▶ Record excerpts:
>>>
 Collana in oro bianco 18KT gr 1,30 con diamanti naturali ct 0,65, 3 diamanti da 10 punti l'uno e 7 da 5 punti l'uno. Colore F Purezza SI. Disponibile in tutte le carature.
<<<
>>>
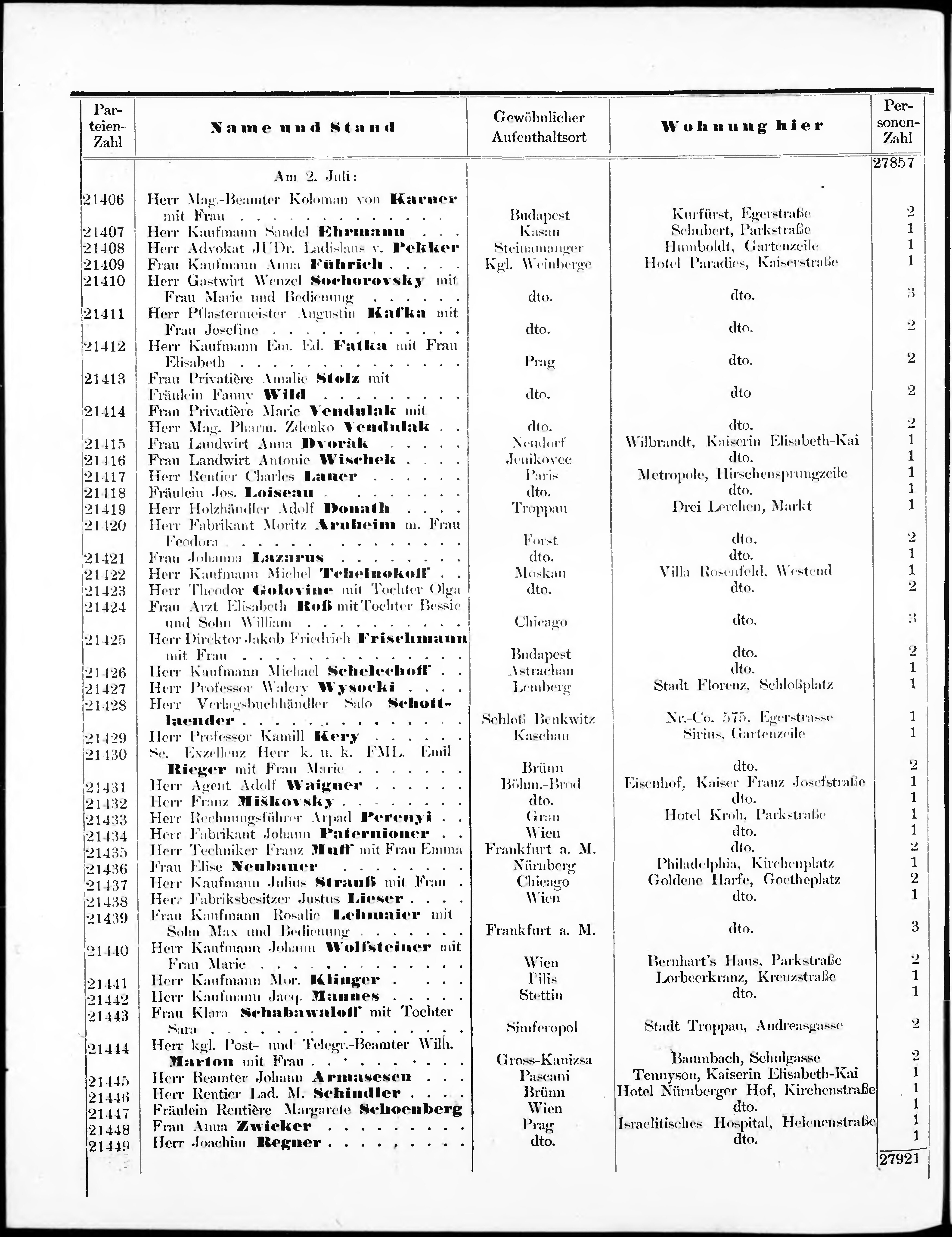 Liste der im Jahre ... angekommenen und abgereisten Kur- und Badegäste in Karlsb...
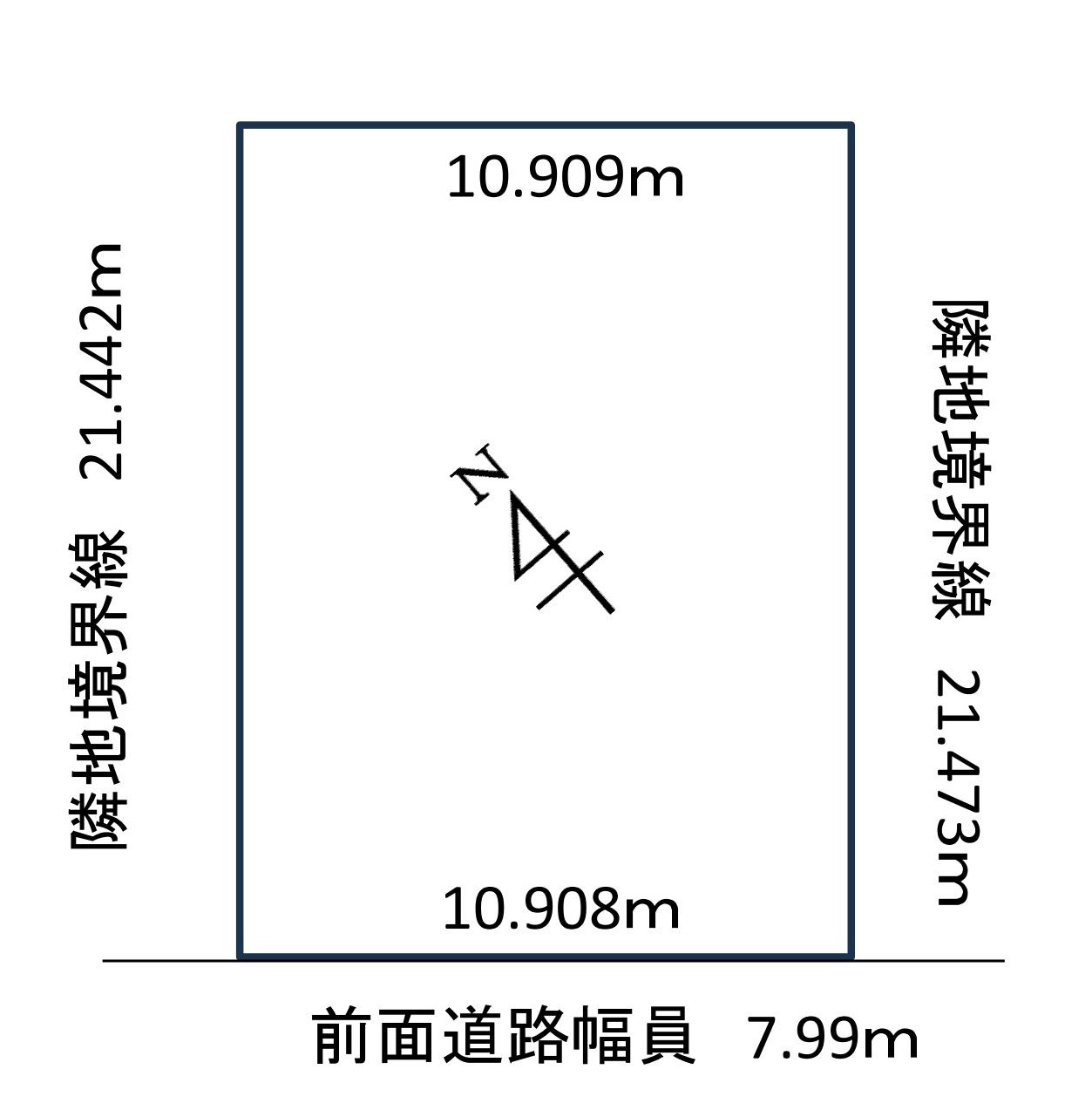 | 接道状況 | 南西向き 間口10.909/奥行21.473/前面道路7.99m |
<<<
▶ Problem: From the material above, reproduce only what runs from the line holding "Liste der im" down to the line holding "南西向き 間口10.909/奥行21.473/前面道路7.99m |", both included, pictures excluded.

▶ Expected answer:
 Liste der im Jahre ... angekommenen und abgereisten Kur- und Badegäste in Karlsb...
 | 接道状況 | 南西向き 間口10.909/奥行21.473/前面道路7.99m |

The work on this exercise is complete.